The data START
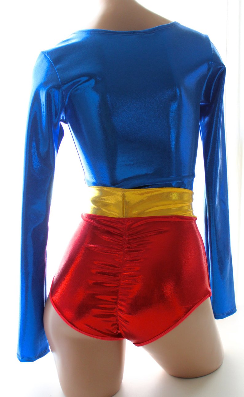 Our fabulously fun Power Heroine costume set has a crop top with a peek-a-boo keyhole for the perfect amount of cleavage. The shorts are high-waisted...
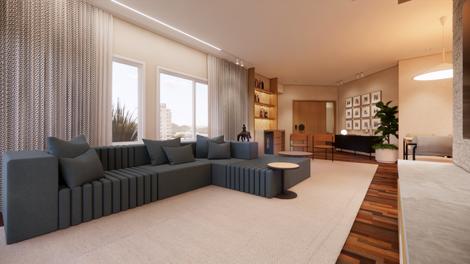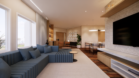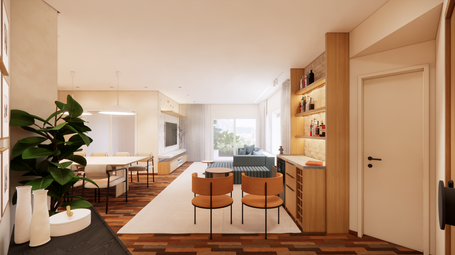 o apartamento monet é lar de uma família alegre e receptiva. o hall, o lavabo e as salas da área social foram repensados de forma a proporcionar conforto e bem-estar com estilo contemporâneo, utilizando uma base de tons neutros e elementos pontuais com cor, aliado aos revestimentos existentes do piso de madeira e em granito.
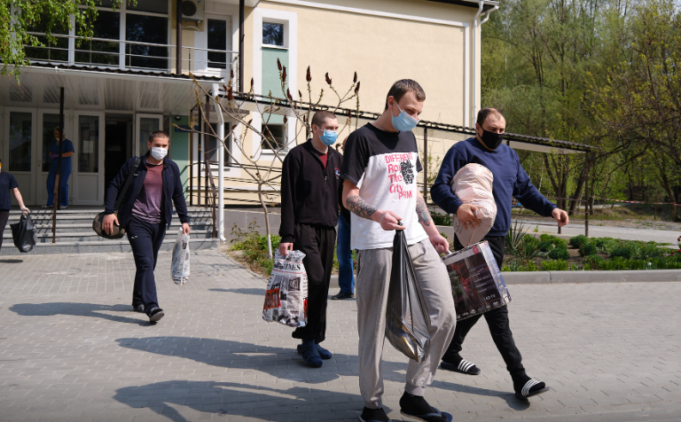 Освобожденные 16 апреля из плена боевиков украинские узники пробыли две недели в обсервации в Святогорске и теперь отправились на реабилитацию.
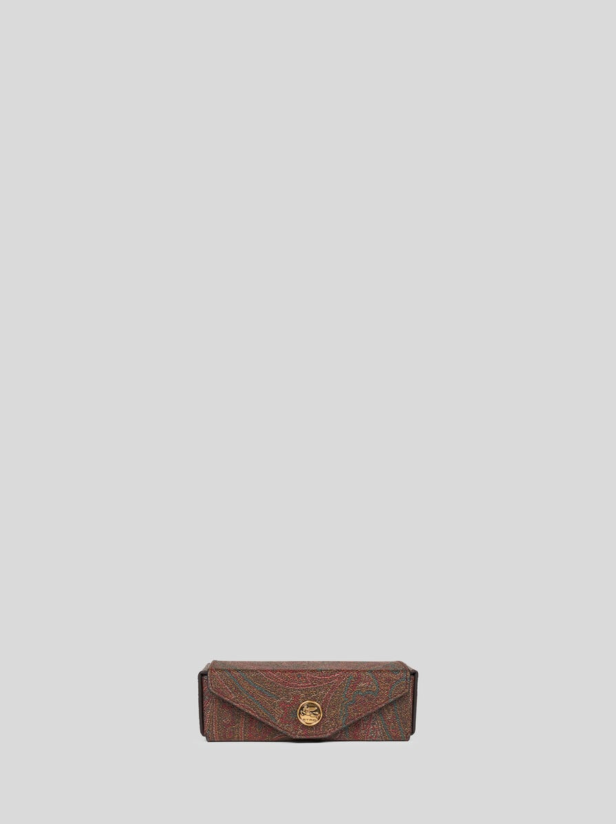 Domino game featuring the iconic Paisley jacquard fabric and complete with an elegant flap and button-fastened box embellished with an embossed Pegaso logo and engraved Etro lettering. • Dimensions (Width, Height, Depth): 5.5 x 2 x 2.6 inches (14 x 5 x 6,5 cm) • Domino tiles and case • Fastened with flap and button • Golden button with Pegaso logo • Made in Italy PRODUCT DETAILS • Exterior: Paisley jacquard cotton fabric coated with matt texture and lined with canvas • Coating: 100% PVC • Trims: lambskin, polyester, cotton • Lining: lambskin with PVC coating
The data END
The data START
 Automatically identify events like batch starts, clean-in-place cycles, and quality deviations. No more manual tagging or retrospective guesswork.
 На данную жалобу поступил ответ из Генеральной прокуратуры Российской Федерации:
The data END
- **What you need to do**: Above this instruction are the records; retype exactly the lines from the one containing "Automatically identify events" up to and including the one containing "На данную жалобу".

- **Response for this exercise**:
 Automatically identify events like batch starts, clean-in-place cycles, and quality deviations. No more manual tagging or retrospective guesswork.
 На данную жалобу поступил ответ из Генеральной прокуратуры Российской Федерации:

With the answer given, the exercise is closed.